Georgech · July 11, 2011, 7:07am

ooops, I solved my own question. Thanks anyway.

on open user_Choice
tell application “Finder” to set fileList to every file in item 1 of user_Choice
repeat with aFile in fileList
set aid to (read (aFile as alias))
getContent(aid)
end repeat
end open

–subroutine, to traverse text files and place in variables
on getContent(aid)
set tid to AppleScript’s text item delimiters
set AppleScript’s text item delimiters to {“=”}
set nname to text item 1 of aid
set mval to text item 2 of aid
if (nname = “studentid”) then
set idd to mval
display dialog idd with title “Student’s ID”
else if (nname = “studentip”) then
set ipp to mval
display dialog ipp with title “Student’s IP”
else if (nname = “studentname”) then
set myname to mval
display dialog myname with title “Student’s Name”
end if
set AppleScript’s text item delimiters to tid
end getContent

casp · August 26, 2011, 8:29pm

Thanks for the tutorial, very informative and educational as I"m new to this forum and applescripting.

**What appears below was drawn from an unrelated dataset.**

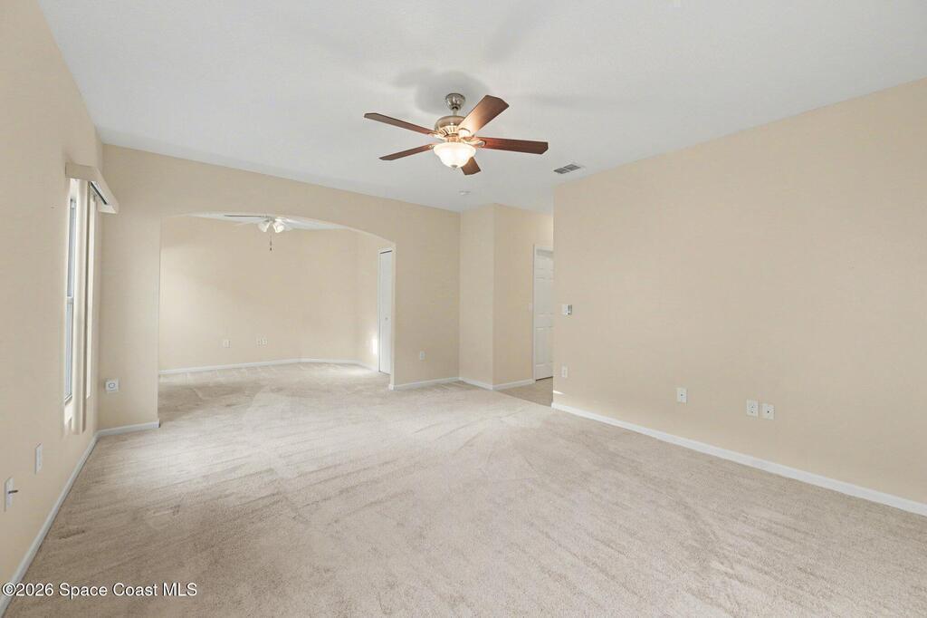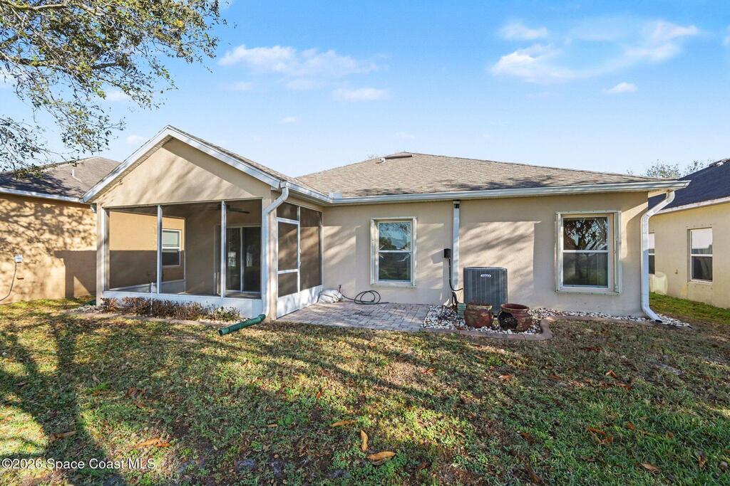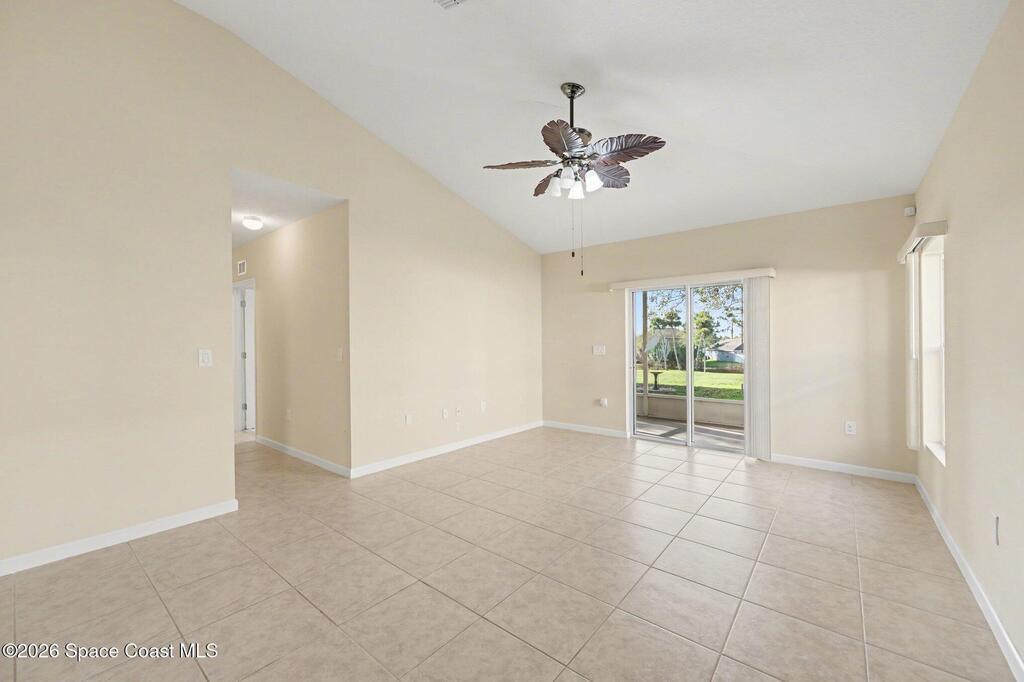 This immaculately kept home is move-in ready in beautiful Titusville! Home features an open floor plan with vaulted ceilings, 3 spacious bedrooms with a versatile sitting room, perfect for a home office, nursery, or reading nook adjoining the primary suite.The primary bathroom includes double sinks and a beautifully remodeled walk-in shower. Neutral tile flooring flows throughout the main living areas with cozy carpet in the bedrooms, all finished in tasteful, matching neutral tones.The bright, open kitchen overlooks the family room and offers stainless steel appliances, granite countertops, a breakfast bar, and a large pantry. From the family room, step out to a trussed, screened porch with peaceful views of the retention/preservation area with no backyard neighbors! Newer AC and many upgrades are waiting for you to make this your new home!

I attempted to use the “Searching and Replacing” script to edit the string of a variable, but I can’t seem to get it to work in my situation. Here is my script:

repeat with i from 1 to (count of listOfFilesNotInDatabase)
	try
		set aFile to ((item i of listOfFilesNotInDatabase) as POSIX file as alias)
		tell application "iTunes" to add aFile
		log aFile -- debugging purposes
	end try
end repeat
try
	set theText to listOfFilesNotInDatabase
	set newText to switchText of theText from "/Volumes/Media/iTunes/iTunes Media/Music/" to ""
	---Subroutine for switchText is below----
	display dialog "The following files were added to your iTunes Library  " & newText
end try

Essentially the vairable, listOfFilesNotinDatabase is a file path all of which will have the same first portion, /Volumes/Media/iTunes/iTunes Media/Music/. All I want is to clear this out so the display dialog doesn’t look so messy.

Any suggestions?
Thanks

Here is the subroutine from the previous post:

to switchText of theText from SearchString to ReplaceString
	set OldDelims to AppleScript's AppleScript's text item delimiters
	set AppleScript's AppleScript's text item delimiters to SearchString
	set newText to text items of theText
	set AppleScript's AppleScript's text item delimiters to ReplaceString
	set newText to newText as text
	set AppleScript's AppleScript's text item delimiters to OldDelims
	return newText
end switchText

Schmye_Bubbula · August 7, 2013, 5:39pm

Somebody explain conceptually what’s going on here; what’s the difference?


set AppleScript's text item delimiters to ASCII character (0)

repeat with x in "aabbccbb"
	exit repeat
end repeat

x --> item 1 of "aabbccbb"

set AppleScript's text item delimiters to x

AppleScript's text item delimiters --> "a"

text items of "aabbccbb" as text --> "bbccbb"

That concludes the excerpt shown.